In Model 16, the coefficient of the interaction term “participation in industrial integration × high-standard farmland construction” is 0.135, which is significant at the 10% significance level, indicating that high-standard farmland construction has a positive moderating effect on the relationship between “participation in industrial integration and improvement of farmers’ income”. That is to say, when villages carry out high-standard farmland construction, the promoting effect of participating in industrial integration on farmers’ income will be strengthened. The grouped regression results of Model 17 and Model 18 further verify this conclusion. In the village group represented by Model 17, which has implemented the high-standard farmland construction and improvement project, the coefficient of participation in industrial integration is 0.355, which is significantly larger than the coefficient of 0.166 in Model 18. This indicates that in villages with high-standard farmland, the promoting effect of participating in industrial integration on farmers’ income is more significant. The mechanism of this moderating effect lies in that high-standard farmland reduces the initial investment costs of industrial integration and enhances the potential of large-scale land management through measures such as land consolidation and improvement of water conservancy facilities. Farmers participating in industrial integration are more likely to achieve resource integration through land transfer, cooperatives and other forms, thereby forming a virtuous cycle effect of “improvement of agricultural production infrastructure—participation in industrial integration—income growth”, and Hypothesis 4 is verified.

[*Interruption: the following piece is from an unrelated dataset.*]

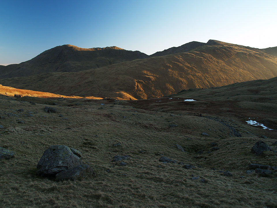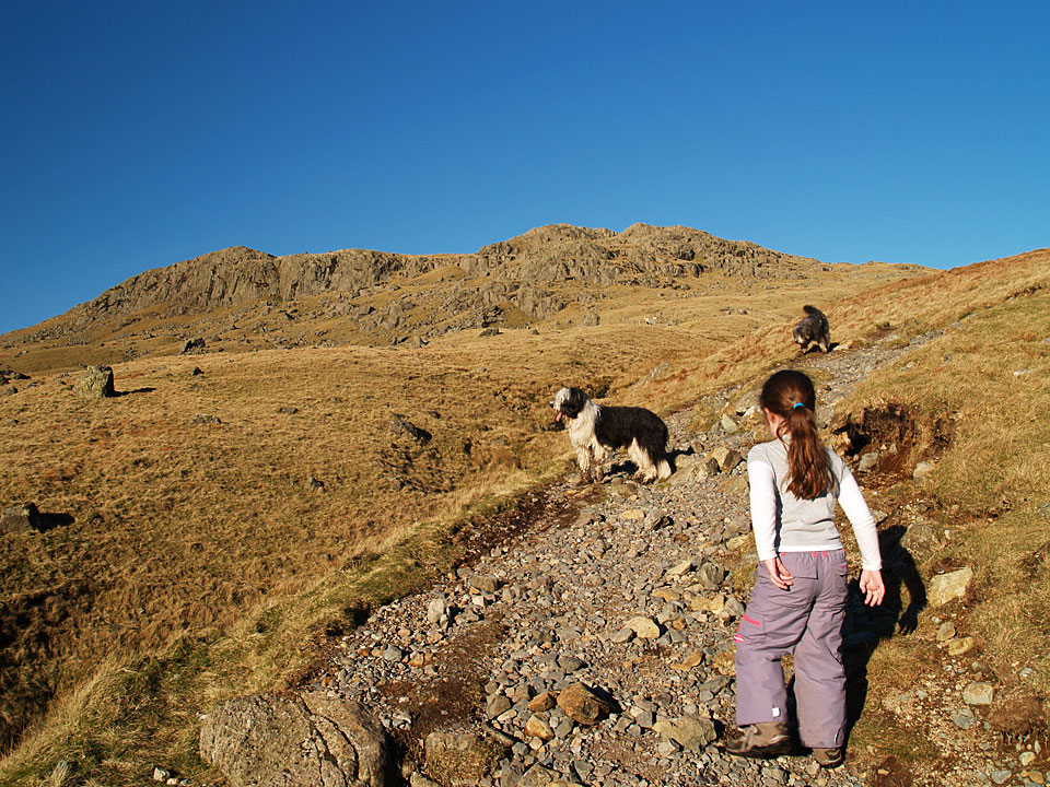 We started off in coat, gloves and hat but once up in the sunshine it was really quite warm. Here we're heading for Red Tarn with Pike o' Blisco up ahead. I wonder who ended up carrying all the gear?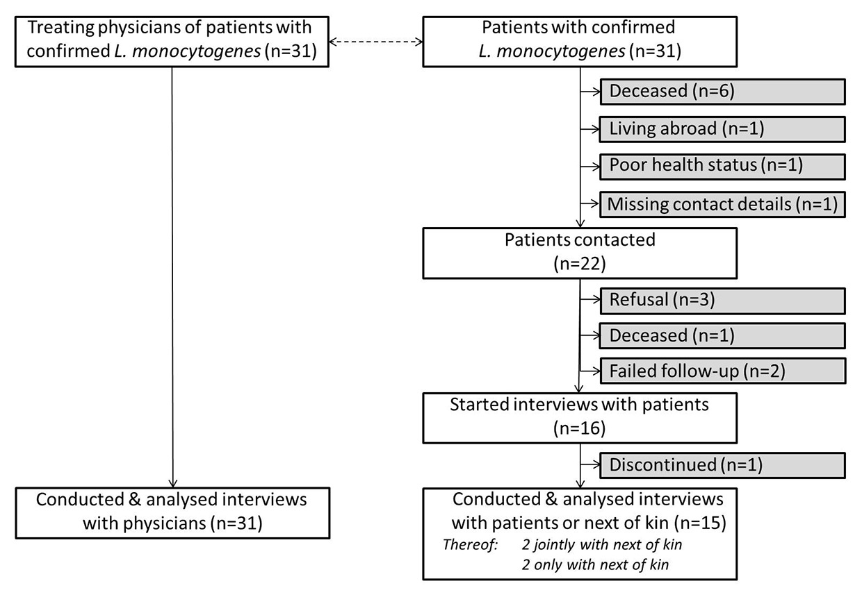 Participation of patients with confirmed L. monocytogenes infection and their treating physicians in the epidemiological outbreak investigation, Switzerland, 30 January to 11 May 2014.

4.7. Heterogeneity Analysis

4.7.1. Differences in the Income-Increasing Effect of Participating in Industrial Integration on Farmers with Different Income Levels

Table 9. Results of quantile regression.

Variable	Model1 9	Model 20	Model 21	Model 22	Model 23	Model 24	Model 25	Model 26	Model 27
participate	0.522 *** (0.087)	0.399 *** (0.049)	0.381 *** (0.046)	0.411 *** (0.044)	0.407 *** (0.038)	0.410 *** (0.035)	0.385 *** (0.034)	0.360 *** (0.035)	0.382 *** (0.045)
Control for individual characteristics	Yes	Yes	Yes	Yes	Yes	Yes	Yes	Yes	Yes
Control for family characteristics	Yes	Yes	Yes	Yes	Yes	Yes	Yes	Yes	Yes
Control for social capital	Yes	Yes	Yes	Yes	Yes	Yes	Yes	Yes	Yes
Individual fixed effects	Yes	Yes	Yes	Yes	Yes	Yes	Yes	Yes	Yes
Time fixed effects	Yes	Yes	Yes	Yes	Yes	Yes	Yes	Yes	Yes
Constant	10.853 *** (0.239)	10.930 *** (0.135)	11.088 *** (0.127)	11.090 *** (0.120)	11.141 *** (0.104)	11.043 *** (0.096)	11.126 *** (0.093)	10.950 *** (0.097)	11.046 *** (0.124)
Pseudo R2	0.229	0.221	0.203	0.209	0.205	0.220	0.215	0.231	0.259
N	924	924	924	924	924	924	924	924	924

Note: *** indicates significance at the 1% significance level, with standard errors in parentheses.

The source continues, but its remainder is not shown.